В общем, красиво и с пользой отметились всем объединением перед председателем. Приласкали. Так густо обмазали со всех сторон его самого тремя слоями мёда, шоколадного крема и патоки, что никто в одиночку и за месяц не слижет. Так плотно засыпали сахарной пудрой страшную, способную поломать самый крепкий мозг, книжку по квадратный круг, что её можно было сварить и иметь литров пять варенья из цифр и формул для врагов. Панович принял ликование творческого коллектива правильно. Через три дня он созвал коллектив и доложил, что типография газеты согласилась выпустить шесть книжек в мягкой обложке. Три с прозой, и столько же со стихами.

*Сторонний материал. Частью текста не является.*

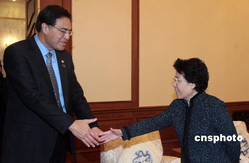 四月二十日,国务院侨办主任陈玉杰在北京会见了来访的美国夏威夷州檀香山市长穆菲·韩纳曼先生一行。作者:廖文静
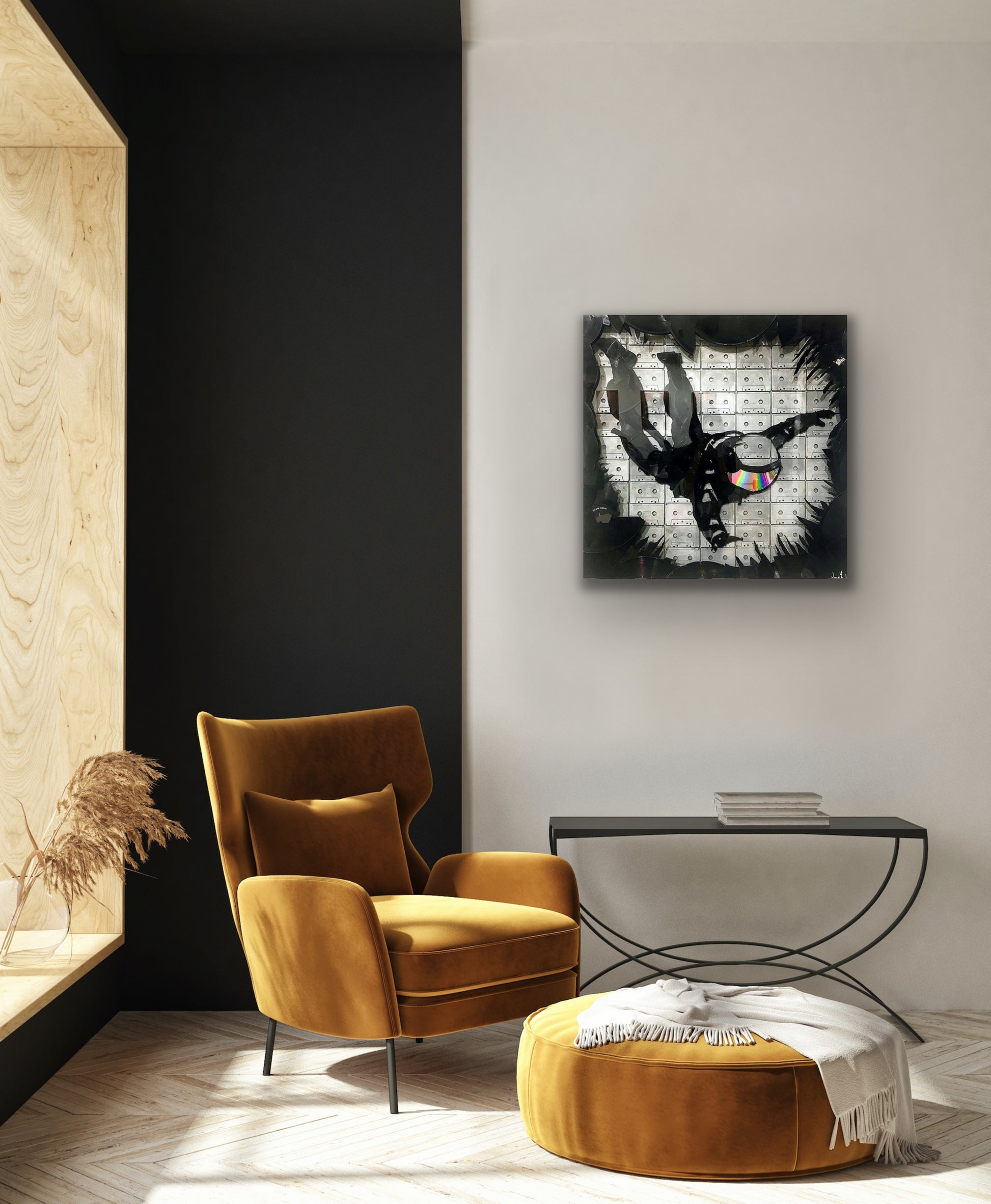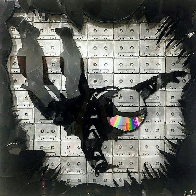 Laget med kassetter, vinylplater, laserdisk og plexiglass i 30 x 30 skyggeboks.

Раскупят сразу издадим следующие шесть. Обрадовал Андрей Ильич творцов. А пока давайте объявим конкурс на издание первой партии. Кого первого из прозаиков выберем? Я предлагаю роман « Люди, сидящие в проруби» Антона Якушева.
А с чего ему такая премия? вышла на середину зала скромная Маргарита Марьянова, технолог пивзавода номер два. Он же нам читал её. Так ведь чуть руки на себя не наложили почти все мы все с тоски. Кроме полных болванов. Кто помнит?
Но меня, к примеру, только тошнило. Поднялась с места бухгалтер швейной Фабрики Маслакова. А это значит, что очень неплохой роман. Иначе бы вырвало меня. Я чувствительная натура. Поэтесса романтик. Фальшь и самопал мгновенно отлавливаю.
Ну, тогда дайте мне рукопись. Ехидно скривила губки Марьянова. Кусочек, не выбирая, зачту. Не поплохеет вам, то ладно тогда. Пусть печатают.
Председатель достал из стола пачку листов толщиной в добротный мужицкий кулак. Марьянова стукнула рукописью об стол и освободившаяся пыль обволокла первые три ряда. Чихали попавшиеся в пыль, пахнущую прелой бумагой, упоительно и безостановочно. Как в разгар острого респираторного заболевания. В это время Маргарита дёрнула из середины пачки слега желтый листок, дождалась последнего « пчхи!» и с отвращением, нарисованным на умело отретушированном лице зачитала.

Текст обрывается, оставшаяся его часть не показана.